Your goal: The answer must consist only of the lines from the line with "会议第二项,由商会傅妙根会长" to the line with "Queste le prime", both included, exactly as they stand below.

Records:
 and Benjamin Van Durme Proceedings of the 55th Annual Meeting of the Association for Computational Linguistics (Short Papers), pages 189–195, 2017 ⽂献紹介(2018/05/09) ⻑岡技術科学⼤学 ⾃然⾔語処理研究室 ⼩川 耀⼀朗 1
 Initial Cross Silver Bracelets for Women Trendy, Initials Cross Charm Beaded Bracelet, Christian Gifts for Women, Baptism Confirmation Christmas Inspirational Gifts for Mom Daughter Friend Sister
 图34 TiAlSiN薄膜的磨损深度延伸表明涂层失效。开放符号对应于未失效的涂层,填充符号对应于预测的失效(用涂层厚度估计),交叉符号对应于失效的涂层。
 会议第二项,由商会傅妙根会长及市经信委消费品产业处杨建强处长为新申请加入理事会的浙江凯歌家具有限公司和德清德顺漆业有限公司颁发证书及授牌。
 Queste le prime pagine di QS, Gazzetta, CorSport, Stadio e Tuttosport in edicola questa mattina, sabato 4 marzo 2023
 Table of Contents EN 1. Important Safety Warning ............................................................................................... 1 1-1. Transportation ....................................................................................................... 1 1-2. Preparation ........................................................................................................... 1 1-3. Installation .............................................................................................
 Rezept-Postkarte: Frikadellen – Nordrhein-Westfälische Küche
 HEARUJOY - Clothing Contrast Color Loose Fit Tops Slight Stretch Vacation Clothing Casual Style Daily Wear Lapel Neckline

Response below:
 会议第二项,由商会傅妙根会长及市经信委消费品产业处杨建强处长为新申请加入理事会的浙江凯歌家具有限公司和德清德顺漆业有限公司颁发证书及授牌。
 Queste le prime pagine di QS, Gazzetta, CorSport, Stadio e Tuttosport in edicola questa mattina, sabato 4 marzo 2023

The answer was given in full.